Each identified EST-contig was then used for a second BLASTN search in the FORESTs database to search for other putative MADS-box sequences. All EST-contigs found in the database that presented an E-value of 10-5 or lower were selected and inspected for the presence of the conserved MADS-box motif. This procedure was performed using the InterProScan and PRODOM programs. At this point, six additional EST-contigs were identified (EGJMFB1092E09.g, EGCCFB1224D05.g, EGUTFB 1098B01.g, EGBMLV2270D12.g, EGBFFB1042G10.g and EGQHRT6253G06.g). Nevertheless, a single new EST-contig (EGJMFB1092E09.G) was added to the previous group of 23 EST-contigs, increasing the total to 24 EST-contigs included in the following analyses. The other five EST-contigs coded for proteins with incomplete MADS-box were excluded from the analysis. To conclude the identification analysis, a third round of BLAST (tBLASTN) search was performed using consensus amino acid sequences from MADS-box present in A. thaliana MADS-box proteins; however, no additional EST-contigs were identified.
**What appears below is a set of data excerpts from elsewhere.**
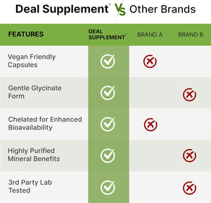 Alta Biodisponibilidad: El magnesio glicinato es altamente absorbido por el cuerpo, lo que garantiza una mejor utilización y eficacia en comparación con otras formas de magnesio.
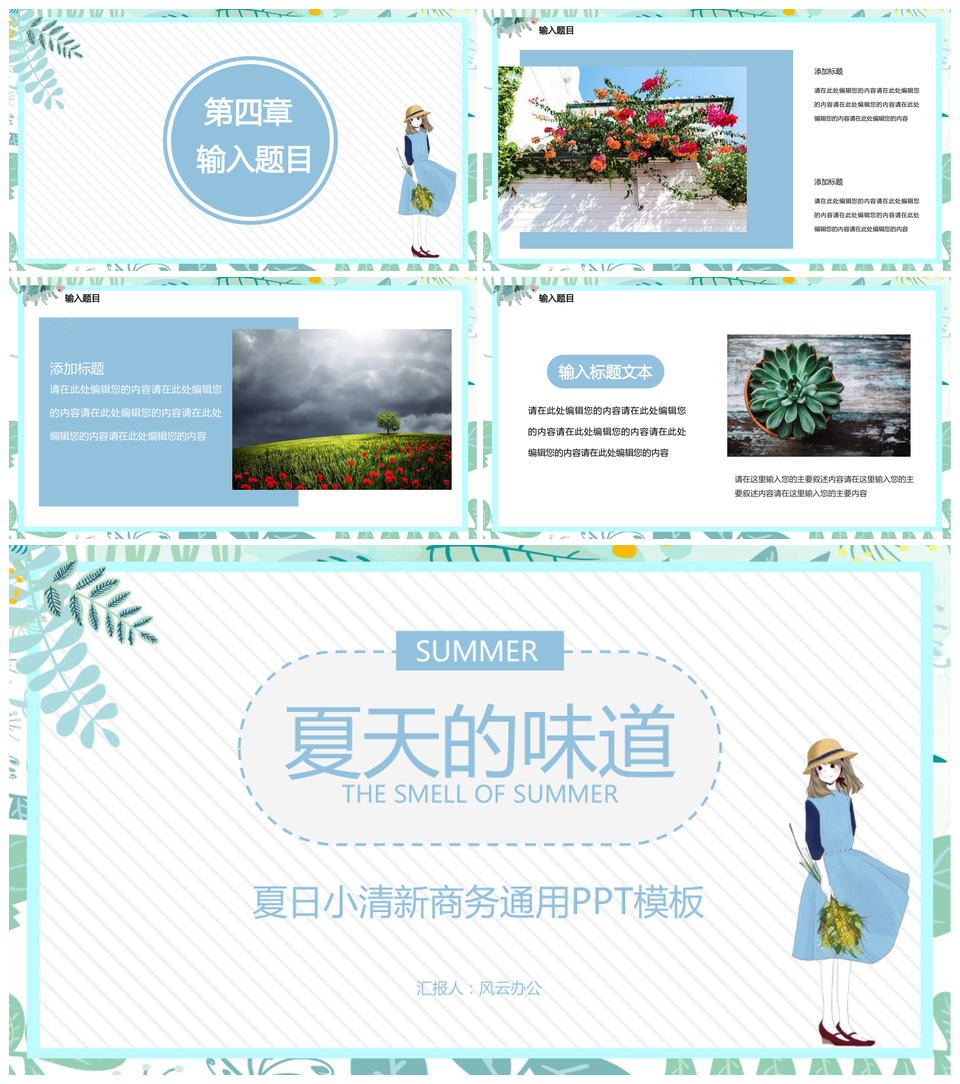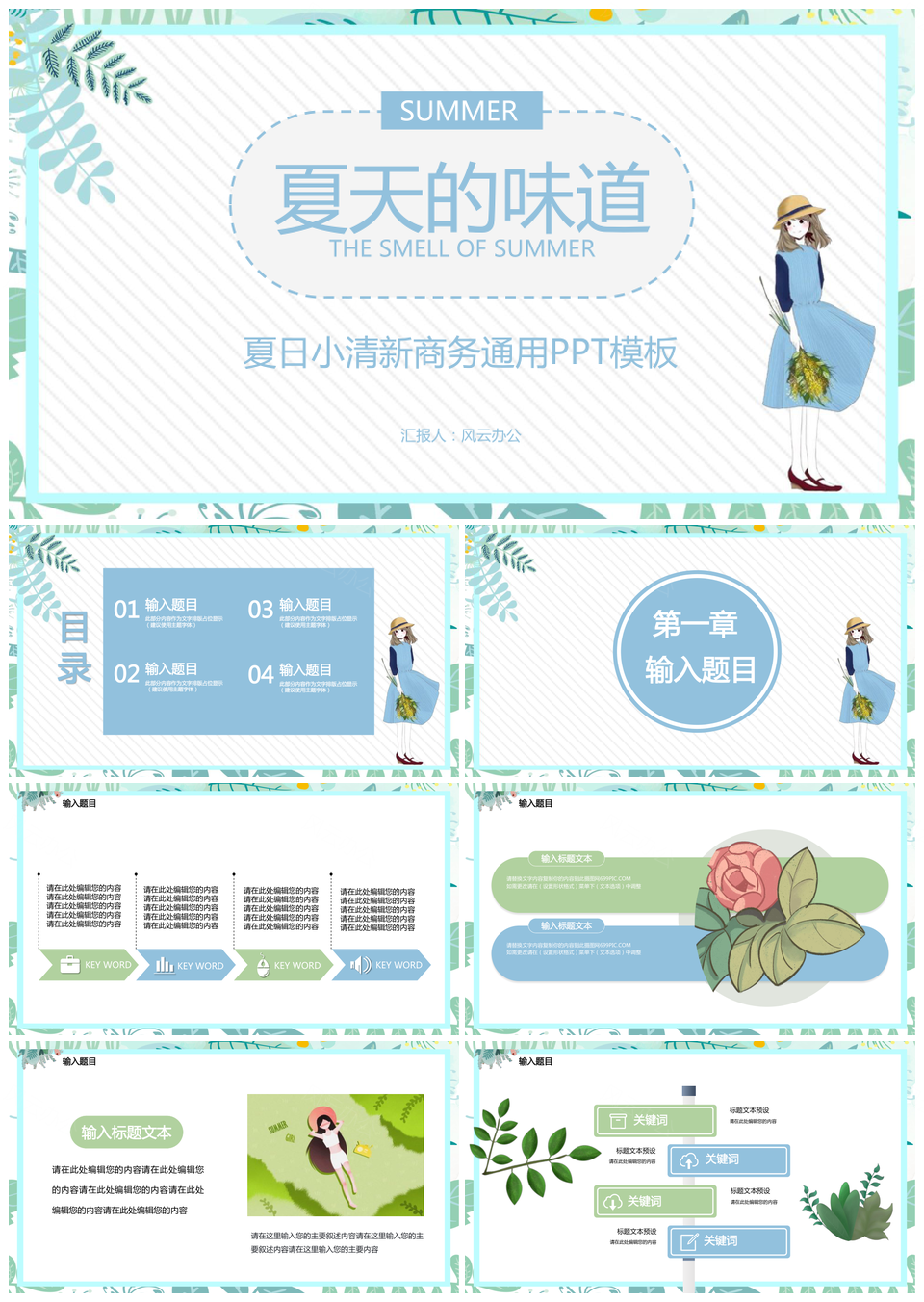 蓝色盛夏光年小清新通用商务计划总结汇报PPT模板
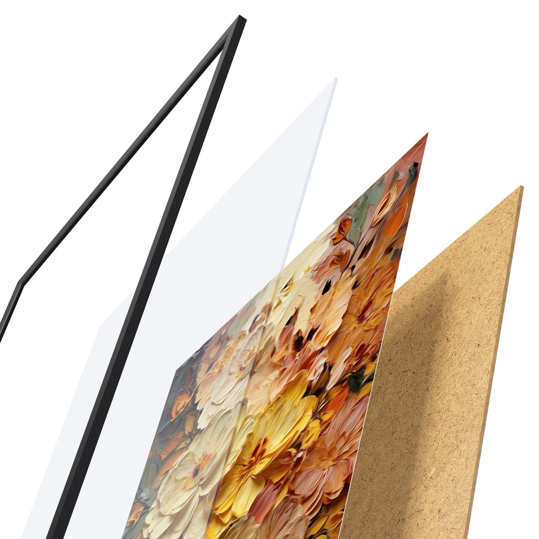 Das Poster besteht aus einem Rahmen, Plexiglas, einem gedruckten Bild und einer Rückwand aus Spanplatten. Dank der Halterungen auf der Rückseite kann das Poster sofort an die Wand gehängt werden.
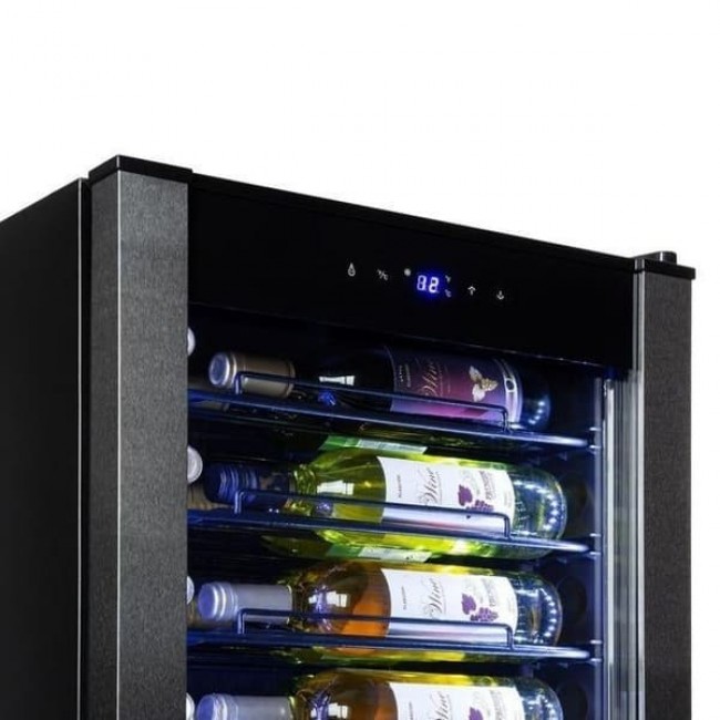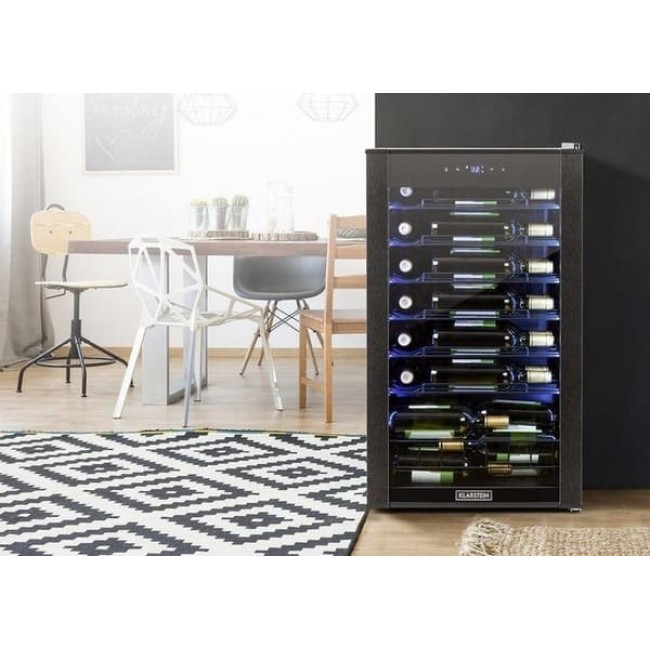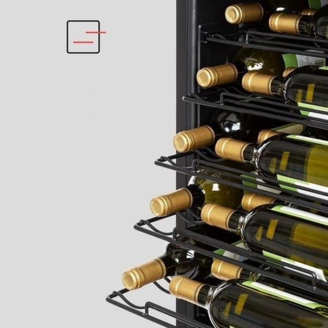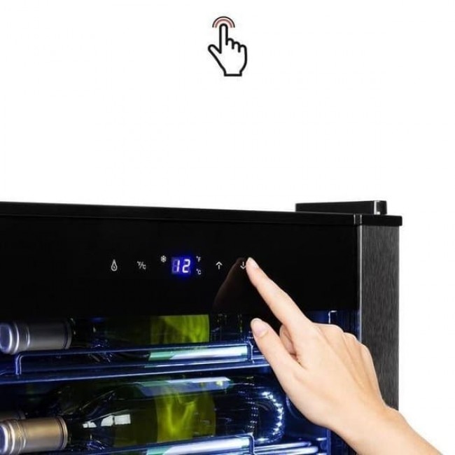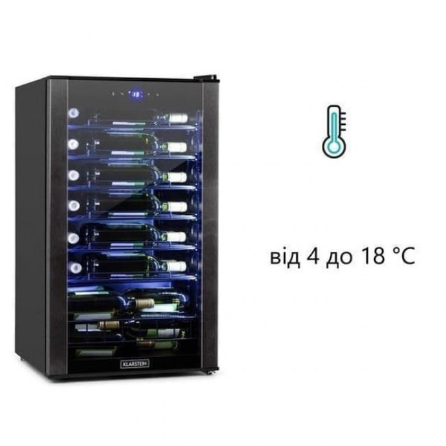 Для любові до вина: винний холодильник Klarstein Vinomatica 36 Uno забезпечує найкращу насолоду від вина, зберігаючи пляшки вина при правильній температурі пиття. Він надає особливого значення вишуканій презентації. Пляшки зберігаються горизонтально на семи рівнях, щоб їх етикетки було добре видно через великі панорамні скляні двері. Ви можете нагріти до 36 пляшок вина до ідеальної температури від 4 до 18 °C в ексклюзивному охолоджувачі вина . Нею дуже легко керувати за допомогою сенсорної панелі керування, яка сама пояснює себе.Привертає увагу всіх і надає вишуканим винам ідеальну температуру для пиття: винний холодильник Vinomatica від Klarstein

Sequences alignment was performed at the CLUSTALW website (www.ebi.ac.uk/index/clustalw.html) using default parameters. Amino acid sequences were used for the phylogenetic analysis due to the high variability of the sequences and the unreliability of the nucleotide alignment. Final alignment was visually inspected and manually corrected. Also, wherever homology could not be ascertained, segments were removed from the subsequent phylogenetic analyses. The Molecular Evolutionary Genetics Analysis (MEGA) software, version 2.0 (Kumar et al., 2000) was used for the phylogenetic analysis. Average p-distances were high so the Poisson model was used to provide unbiased estimates of the number of substitutions between sequences. Phylogenetic trees were obtained from the Neighbor-joining method with Poisson distances (Saitou & Nei, 1987), and the pair-wise deletion option. The confidence probability test was performed to evaluate interior branch stability. This test is known to be a reliable estimator of the confidence of clusters in a distance-based tree (Sitnikova et al., 1995).
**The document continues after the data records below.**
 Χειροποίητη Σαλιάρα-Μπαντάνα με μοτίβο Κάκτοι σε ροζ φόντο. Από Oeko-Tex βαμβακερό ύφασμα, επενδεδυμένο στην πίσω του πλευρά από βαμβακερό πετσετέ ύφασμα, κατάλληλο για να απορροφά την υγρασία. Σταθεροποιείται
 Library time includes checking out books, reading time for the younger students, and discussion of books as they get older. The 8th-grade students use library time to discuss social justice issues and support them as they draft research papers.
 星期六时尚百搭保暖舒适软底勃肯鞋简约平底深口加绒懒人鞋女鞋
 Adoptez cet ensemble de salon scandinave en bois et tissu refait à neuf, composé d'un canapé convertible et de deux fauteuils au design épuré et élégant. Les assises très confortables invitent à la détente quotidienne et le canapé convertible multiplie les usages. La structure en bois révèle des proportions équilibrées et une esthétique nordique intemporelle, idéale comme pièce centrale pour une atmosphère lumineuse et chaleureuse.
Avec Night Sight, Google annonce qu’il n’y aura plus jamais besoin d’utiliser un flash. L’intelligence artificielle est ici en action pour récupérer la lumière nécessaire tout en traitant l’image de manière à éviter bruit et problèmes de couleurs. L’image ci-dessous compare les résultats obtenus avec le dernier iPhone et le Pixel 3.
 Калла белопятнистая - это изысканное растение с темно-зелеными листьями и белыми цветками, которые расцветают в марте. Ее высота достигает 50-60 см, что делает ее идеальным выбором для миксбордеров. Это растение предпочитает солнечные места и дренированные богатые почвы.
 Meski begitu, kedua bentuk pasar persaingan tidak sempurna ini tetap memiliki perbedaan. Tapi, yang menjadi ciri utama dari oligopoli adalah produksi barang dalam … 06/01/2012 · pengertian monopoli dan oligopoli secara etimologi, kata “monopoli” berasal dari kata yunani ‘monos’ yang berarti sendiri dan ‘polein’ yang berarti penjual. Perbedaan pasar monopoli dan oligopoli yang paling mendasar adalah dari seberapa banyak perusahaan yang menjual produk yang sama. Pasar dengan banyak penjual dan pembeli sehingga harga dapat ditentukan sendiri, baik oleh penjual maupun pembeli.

For each EST-contig, the frequency of reads in the selected libraries was calculated. This procedure requires a normalization that is accomplished by dividing the total number of reads in the specific library by the total number of reads in all libraries and then dividing the number of reads of each EST-contig by the ratio found for each library. The results were cast in a matrix relating contigs and libraries, forming the so-called 'digital northern blot.' The EST-contigs and libraries were grouped by hierarchical clustering, using the Cluster and Tree View programs (Eisen et al., 1998). Aggregation of both putative MADS-box genes and expression libraries was based on Spearman Rank correlation matrix, with previously formed clusters being substituted by their average pattern. The data matrix was reordered, according to similarities in the pattern of gene expression and displayed as black and white arrays of EST-contigs, using a gray scale representing the number of reads from a specific library in each EST-contig.

Results and Discussion

After the elimination of incomplete or artificial sequences, a final data set of 24 Eucalyptus EST-contigs sharing significant sequence similarity to MADS-box domain were selected for further analysis. We found only one representative of type I MADS-box gene family in Eucaliptus spp. The phylogenetic relationship between members of MIKC-type MADS-box gene type II present in the FORESTs databank and A. thaliana genes from public databases is shown in the Figure 1. Among the type II MADS-box genes, the representatives were distributed mainly among three subfamilies: TM3-like (five EST-contigs), AGL2-like (four EST-contigs) and DEF+GLOB-like (four EST-contigs) (see Figure 1). One Eucalyptus EST-contig (EGU TST6222D07.g) was not included in any of the well-defined groups (Figure 1). Analysis of gene expression in silico of the 24 putative MADS-box Eucalyptus EST-contigs was performed based on the frequency of sequence tags in cDNA libraries (Figure 2; Ewing et al., 1999). We were able to identify two distinct clusters, cluster I and II, representing clusters of EST-contigs preferentially expressed in reproductive and vegetative organs, respectively.

Apart from the vast number of described reproductive development functions, MADS-box genes might play many other roles within the gene networks that govern vegetative development. In fact, the transcription of a number of MADS-box genes outside flowers and fruits strongly suggests that MADS-box members are critical also in regulatory roles during vegetative development, such as embryo, root or leaf development (e.g., Alvarez-Buylla et al., 2000a; Huang et al., 1995; Ma et al., 1991; Rounsley et al., 1995; Theißen et al., 2000).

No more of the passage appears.